# Action item
Reproduce the entries that follow precisely, setting aside any images.

# Records
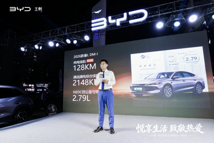 在万众瞩目的揭幕环节,三款新车同步亮相,基于第五代DM技术打造的产品矩阵覆盖中级轿车与主流SUV市场,形成清晰的定位梯度。2026款秦L DM-i以2.79L百公里亏电油耗巩固“轿车省油王”地位,纯电续航达128km,综合续航突破2148km,搭配电子怀挡设计优化座舱空间利用率 ;宋Pro DM-i则以3.2L超低油耗与133km纯电续航,成为都市家庭的高性价比之选,多连杆独立悬架升级进一步提升驾乘舒适性;宋L DM-i作为焦点车型实现七大维度焕新,200km纯电续航与1630km综合续航彻底消除里程焦虑,云辇-C智能阻尼系统、TBC爆胎稳行系统等配置全系标配,26英寸大屏抬头显示与燕飞利仕音响更强化智能座舱沉浸感 。
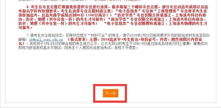 3. 特别注意“报考须知”第6、7条,鼠标拖到页面最下端点击“下一步”。
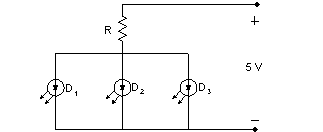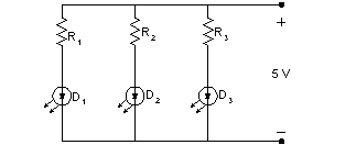 y R3 para que se iluminen los tres diodos con If = 20 mA
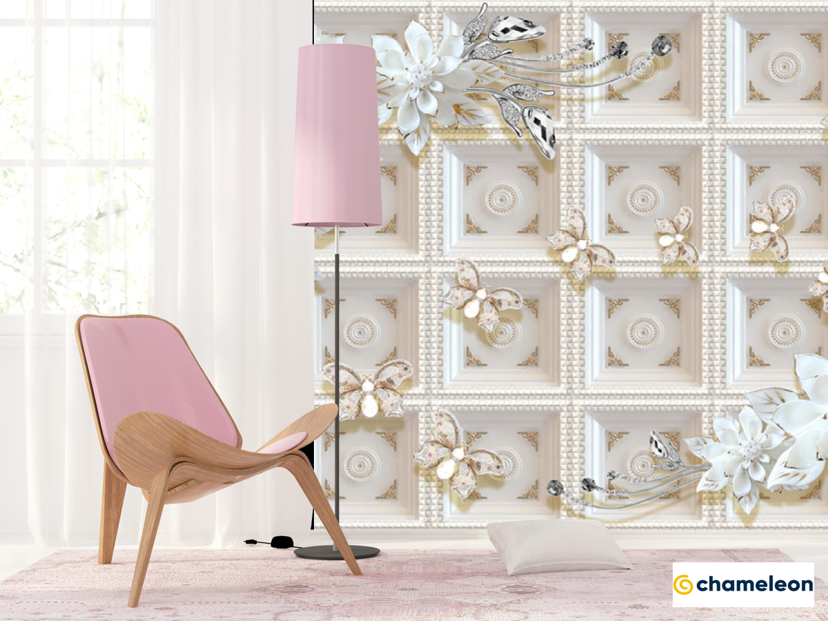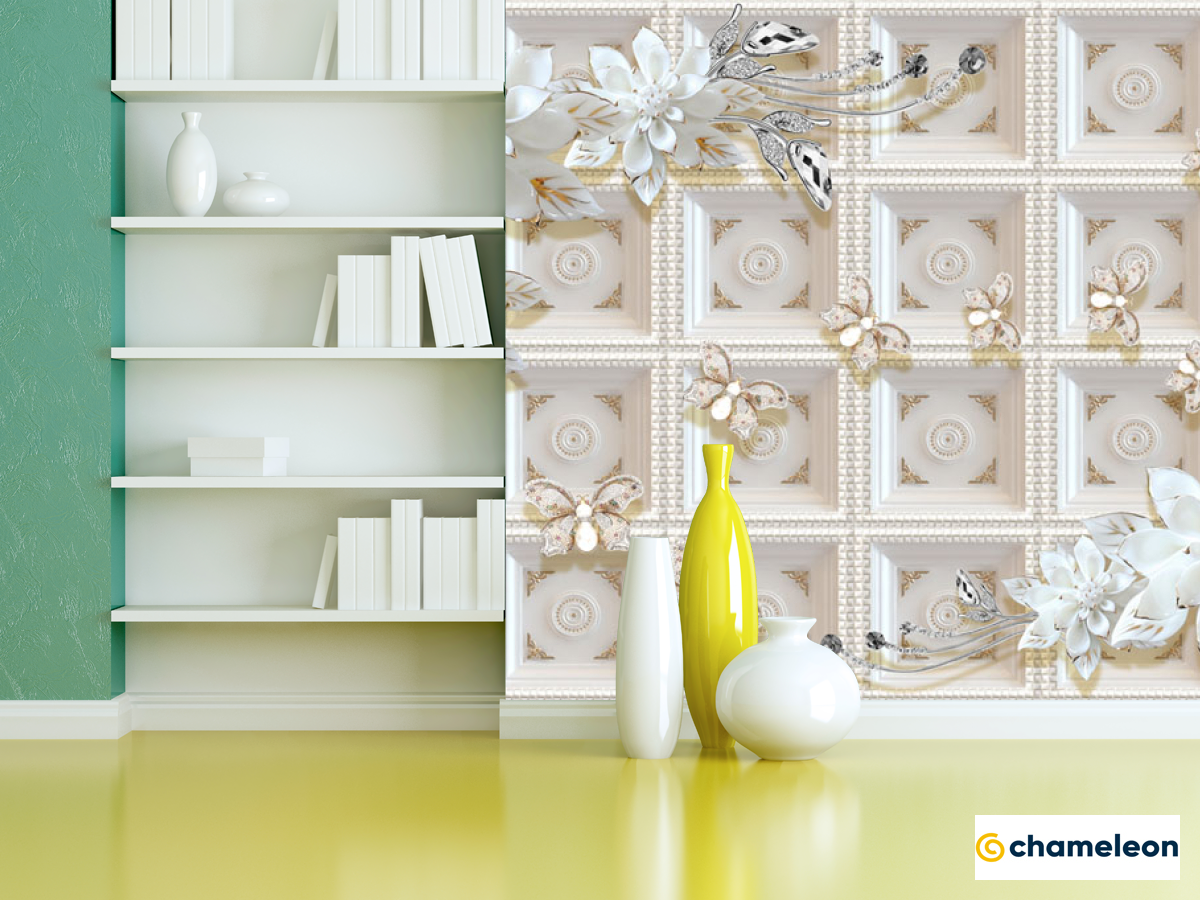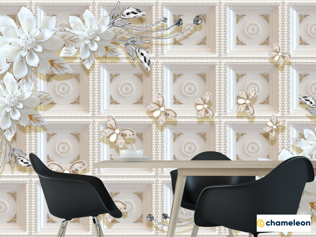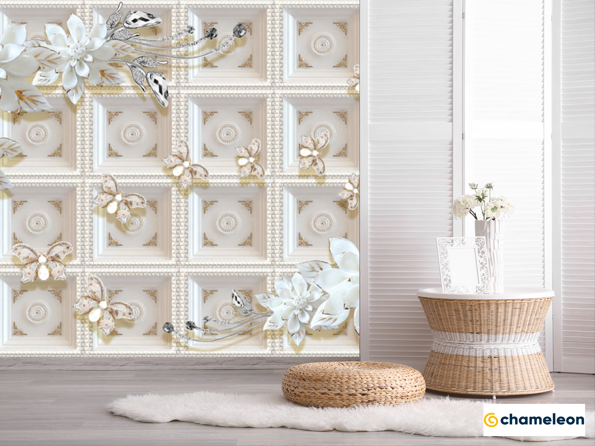 Фотошпалери «Фотошпалери Керамічні квіти на тлі золотий стіни», (арт. 22570) - купити в інтернет-магазині «Будинок Фотошпалер» Хамелеон
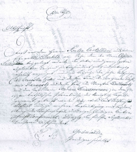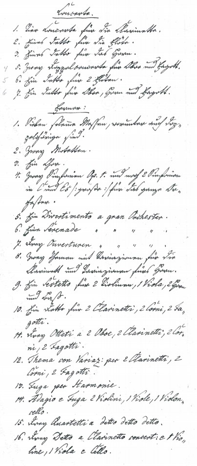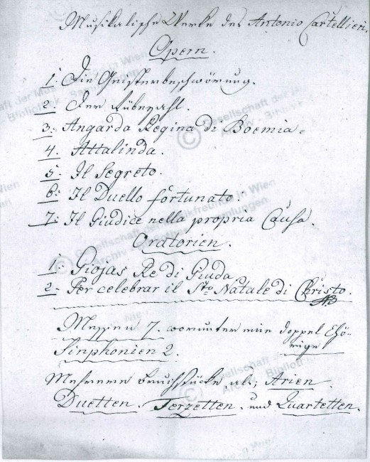 1. Report by Joseph Cartellieri to the secretary of the Gesellschaft (für Musikfreunde) on the life of his father Casimir Anton Cartellieri with a list of his compositions (December 16, 1826).
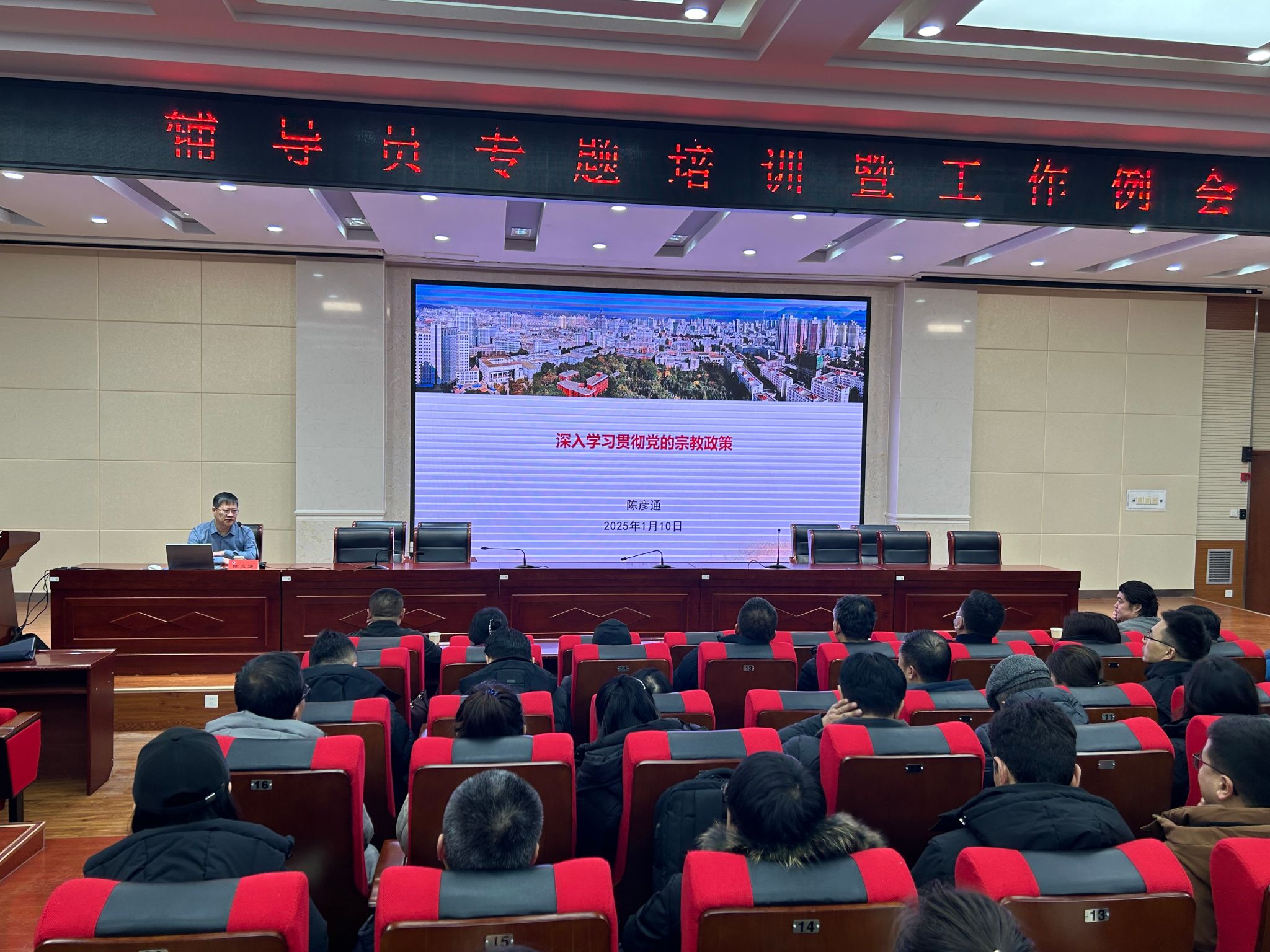 1月10日,学校在榆中校区致真楼125学术报告厅举办辅导员专题培训。学生工作部邀请兰州大学统战部常务副部长陈彦通同志作报告。全体辅导员、部分班导师、学生工作部、团委有关人员参加培训。培训结束后,全体辅导员召开2024年秋季学期第四次辅导员工作例会,党委常委、副校长徐绍文出席会议并讲话。
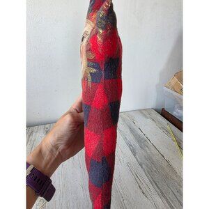 Plush anthromorphic star Sun vintage Xmas decor hanging plaid red blue gold glit
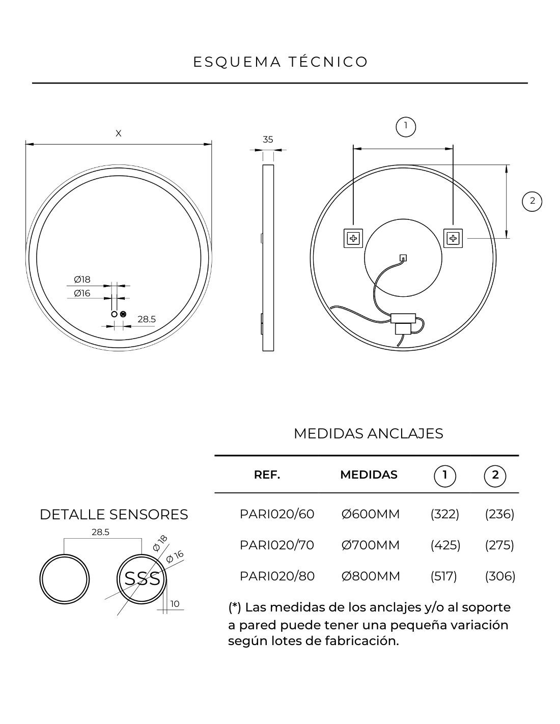 - Medidas disponibles del espejo:

# Answer below
 在万众瞩目的揭幕环节,三款新车同步亮相,基于第五代DM技术打造的产品矩阵覆盖中级轿车与主流SUV市场,形成清晰的定位梯度。2026款秦L DM-i以2.79L百公里亏电油耗巩固“轿车省油王”地位,纯电续航达128km,综合续航突破2148km,搭配电子怀挡设计优化座舱空间利用率 ;宋Pro DM-i则以3.2L超低油耗与133km纯电续航,成为都市家庭的高性价比之选,多连杆独立悬架升级进一步提升驾乘舒适性;宋L DM-i作为焦点车型实现七大维度焕新,200km纯电续航与1630km综合续航彻底消除里程焦虑,云辇-C智能阻尼系统、TBC爆胎稳行系统等配置全系标配,26英寸大屏抬头显示与燕飞利仕音响更强化智能座舱沉浸感 。
 3. 特别注意“报考须知”第6、7条,鼠标拖到页面最下端点击“下一步”。
 y R3 para que se iluminen los tres diodos con If = 20 mA
 Фотошпалери «Фотошпалери Керамічні квіти на тлі золотий стіни», (арт. 22570) - купити в інтернет-магазині «Будинок Фотошпалер» Хамелеон
 1. Report by Joseph Cartellieri to the secretary of the Gesellschaft (für Musikfreunde) on the life of his father Casimir Anton Cartellieri with a list of his compositions (December 16, 1826).
 1月10日,学校在榆中校区致真楼125学术报告厅举办辅导员专题培训。学生工作部邀请兰州大学统战部常务副部长陈彦通同志作报告。全体辅导员、部分班导师、学生工作部、团委有关人员参加培训。培训结束后,全体辅导员召开2024年秋季学期第四次辅导员工作例会,党委常委、副校长徐绍文出席会议并讲话。
 Plush anthromorphic star Sun vintage Xmas decor hanging plaid red blue gold glit
 - Medidas disponibles del espejo:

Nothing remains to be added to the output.